64I agree with the Minister's submission on this first matter. The lack of complaint by the Department about Barry's care and the continuation of that care should not be considered a significant change in relevant circumstances. The parents' household was accepted as safe before Johnstone DCJ and his Honour did not find that Barry was at risk of harm. The parents' care for Barry was satisfactory in December 2008 and it still is. It has not greatly changed in quality. This matter is not a basis to grant leave under Care Act , s 90(2).

65But this matter is of wider relevance. Although on its own this matter does not warrant a grant of s 90(2) leave, it does assist the parents in other ways. When the Court is considering the fourth matter KC advances, the parents' improved parenting capacity and their present insight into the extent of their past abuse, their continued care of Barry is to be taken into account in their favour. There can be no doubting the daily test of personal character and commitment that comes with the constant care of a child with Barry's special needs. It is of very considerable credit to KC and SC that they have been able to sustain this care most satisfactorily for so long.

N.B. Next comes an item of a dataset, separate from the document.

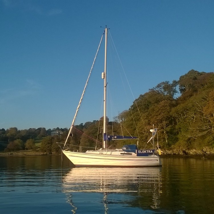 At 1350hrs we droped the mooring and sailed out of Gillan with a forecast of NNW4-5, slowly at first but once out of the shelter of the Dennis Head into the Helford River the wind got us moving. We were close on the wind but we had a good line for Pendennis Point with reefed main and reefed genoa Elektra was making between 5-6kts SOG into a NW5. Our first tack came just south of the southly cardinal buoy of St Mawes having logged having logged 5.5nm in an hour and 5mins. The starboard tack took us over to Falmouth Harbour before we tacked again heading for St Just in Roseland. Tacking again this time heading just north of the Mylor moorings into shallow water. I knew we were pushing it just after low water there wasnt going to be much depth but the sailing was good. Logging over 5kts our least depth was 0.2m under the keel, but all adds to the joy of sailing. Our next tack took us over just south of Turnaware Buoy, I wasnt going to risk going over the bar so we I started the engine and furred the sails before motoring into Channels Creek and dropping anchor at 1620hrs having logged 11.5nm. we had only been there about an hour and the wind dropped of to a flat calm.
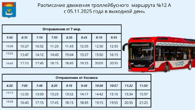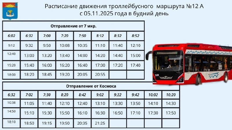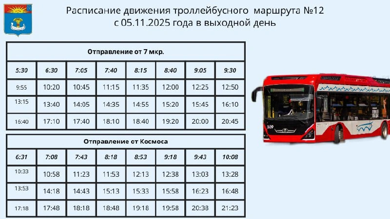 Как сообщает пресс-служба администрации Балаковского района, с 5 ноября троллейбусы №12 и №12А начнут ходить по новому расписанию. Кроме того, со 2 ноября работа троллейбусного маршрута №17 прекращается в связи с окончанием навигационного сезона. Власти просят балаковцев учитывать данную информацию при планировании поездок. Подробности в карточках.

66But I am not concluding that this matter of Barry's continued care is not a "significant change in any relevant circumstances" merely because it has continued from before December 2008. Merely because a matter, or many of its features, pre-exist the making (or variation) of the subject care order does not automatically mean that the matter cannot constitute a "significant change in any relevant circumstances". To identify "significant change" much will depend in each case upon the time that the matter in question has existed after the care order was made (or last varied) and how the features of the matter have altered through that period.

The Adoption of Campbell

67Campbell's current carers wish to adopt him. KC submits that their proposed adoption is one of the "plans for the child" that the Court must consider on this leave application: s 90(2A)(d). She submits that Campbell's adoption by his present carers, would extinguish any entitlement of Campbell's parents to pursue Campbell's restoration to them.

68This is a prospect that was not in the care plan dealt with before Johnstone DCJ. Indeed Campbell was not with his present carers at that time. The possibility of an adoption proceeding was raised by the plaintiff in the proceedings before Marien DCJ. But his Honour did not fully consider the issue, as the Director-General's legal representative had no instructions that an adoption was proposed to take place. It is clearer on the evidence now before me that in fact there was a proposal in train to adopt Campbell in September last year but that the Director General's legal representative was unaware of that proposal. This may be explained by difficulties in communication in a large department. In any event the matter is before me now.

69Marien DCJ did have regard to a recommendation for Campbell's adoption by a clinical psychologist, Theresa Lindfield. Ms Lindfield is appointed to assess Campbell's attachment to his current carers and his ability to make decisions in relation to contact with his natural parents. Her reports are annexed to the affidavit of Ms Lisa Kairouz, the Departmental caseworker with day-to-day responsibility for Campbell. Ms Lindfield recommended, i n her report dated 24 July 2010, "that Campbell's permanency and security are enhanced and promoted through the legal protection of an adoption order".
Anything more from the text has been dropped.